Originally Posted by *FiveLittleMonkeys* 
In the beginning of our marriage, I thought it was my job to be quiet and take all the abuse they heaped upon me. For instance, *telling my husband and I that they hoped I miscarried during our first pregnancy, because a baby would ruin his life.* Or how about the temper tantrum FIL threw at a restaurant when he learned we would not be naming our son after him? *Or the time we called to update them about our daughter in the NICU, and they interrupted us to talk about the weather? Or the time we went to visit them, and they had pictures of my husband and his ex sitting on the night stand of the bedroom we were staying in?*

They are extremely toxic people, and it took our marriage nearly ending over their games for my husband to realize it. We haven't seen them since 2000, and we rarely speak to them. *In fact, the last time we spoke to them was after pulling our credit report, and seeing that they had taken out a loan using my husband's name.* We've been married over 12 years.

I wish that we had a better relationship with them, but not at the expense of my marriage or my childrens' well-being. I did try, very hard, with them for the sake of my husband.

Holy cow! That is really really awful.







I don't think that my mil would even be that mean. Wow.


----------



## Lisa1970 (Jan 18, 2009)

Remember, whatever you do will set the standard for your children and what they do in the future. If you fold to their insults and start kissing up to them and calling them and being the one 100% responsible for attempting to make them happy, then you will be teaching your children to be used and think they are responsible for other people's happiness. I think you need to tell them that the phone lines run both ways. Remind them that you were the last one who called, visited, etc. Then, even state that if this is how they are going to speak to you, that you will be hanging up now and then do hang up. Tell them you can speak to them when they are feeling better. You can even tell them that you are not responsible for their feelings or emotions. But also, do not allow them to engage you in long discussions on this stuff. You want your children to learn to walk away from abusive situations and things like this. Not to sit and entertain the person by allowing the person to continue to argue.

Good luck!


----------



## Smokering (Sep 5, 2007)

The thought of having 'responsibilities' as a DIL kinda gets up my nose: I married DH, not his parents, and I rebel against the thought of having a familial relationship with people who aren't my family. But that's not a very nice attitude, so I'm working on it.







We're very civil but don't particularly enjoy each other's company, so that's fine; they visit occasionally, we invite them for dinner occasionally (and I do usually initiate that), and in between we stay out of each others' way. I'm lucky that MIL and FIL always call before coming over, which gives me time to pretend I'm a better housekeeper than I am.









I do help a bit with presents and such, because DH is hopeless at that sort of thing! MIL is into owls, so if I see something owly I'll buy it or make a note of it... stuff like that.
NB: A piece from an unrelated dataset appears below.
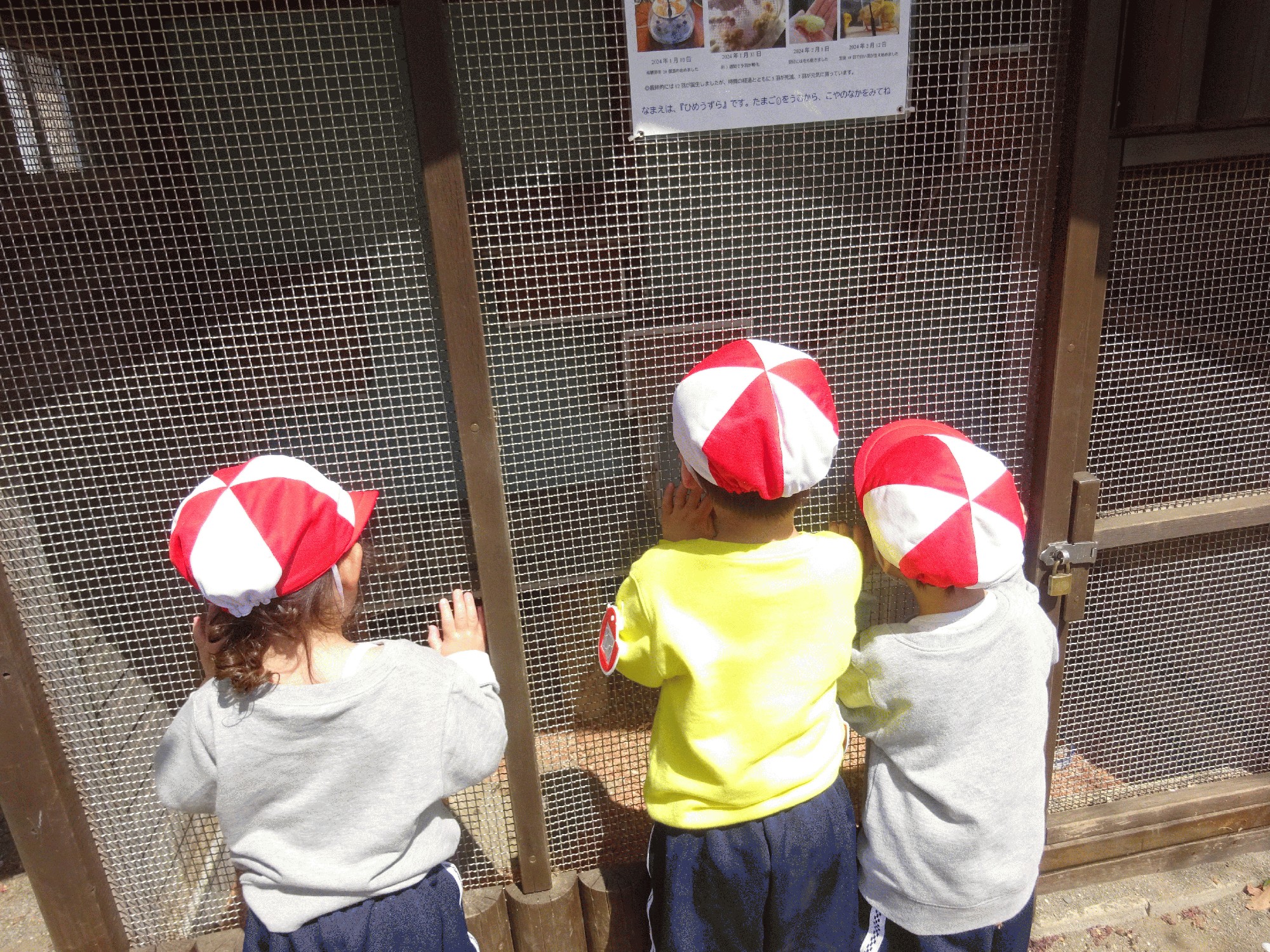 「貸して!」と三輪車を貸し借りしてみたり、一緒に三輪車に乗り園庭をお散歩してみたり、、、クラスの子どもたちも馴染んできて一緒に遊ぶ様子がたくさんみられました🌟まだまだ幼稚園が始まったばかりですが、幼稚園に馴染むはやさに驚く毎日です。一緒に手を繋いで遊具の上を歩いている姿もあり「いつの間に仲良くなったの!?」と新しい発見でした🤩すみれ組の子たちが、同じクラスの子と一緒に遊ぶ姿はとても微笑ましく、幸せな気持ちになりました🥰そして、今年の4月から山王幼稚園の仲間になったうずら!!うずらをみんなで見ている姿では、「みて!鳥!!」と私に教えてくれました。私が「これはうずらって言うんだよ」と教えると「うずら!うずら!」と嬉しそうにうずらに向かってお名前を呼んでいました。

I do insist he writes his own thankyou notes, though!


----------



## Storm Bride (Mar 2, 2005)

Quote:


Originally Posted by *momtokea* 
I really wanted a good relationship with my dh's family and I worked hard at making that happen.

<snip>

Now I do nothing. I really don't give the slightest hoot if I never see them again. They rarely initiate contact with us, but they do want to see us regularly and will complain if it's been a while (over a week!), but they never do anything about it themselves. When dh does get around to calling them mil will give him grief over how they haven't seen us, blah, blah, but they never call to invite us. They want contact from the kids, like phone calls, but they never call the kids themselves.

<snip>

Should I just suck it up and start initiating contact like I use to? Or just leave things as is and take absolutely no responsibility for it? And, really, why are we as women expected to take on this responsibility??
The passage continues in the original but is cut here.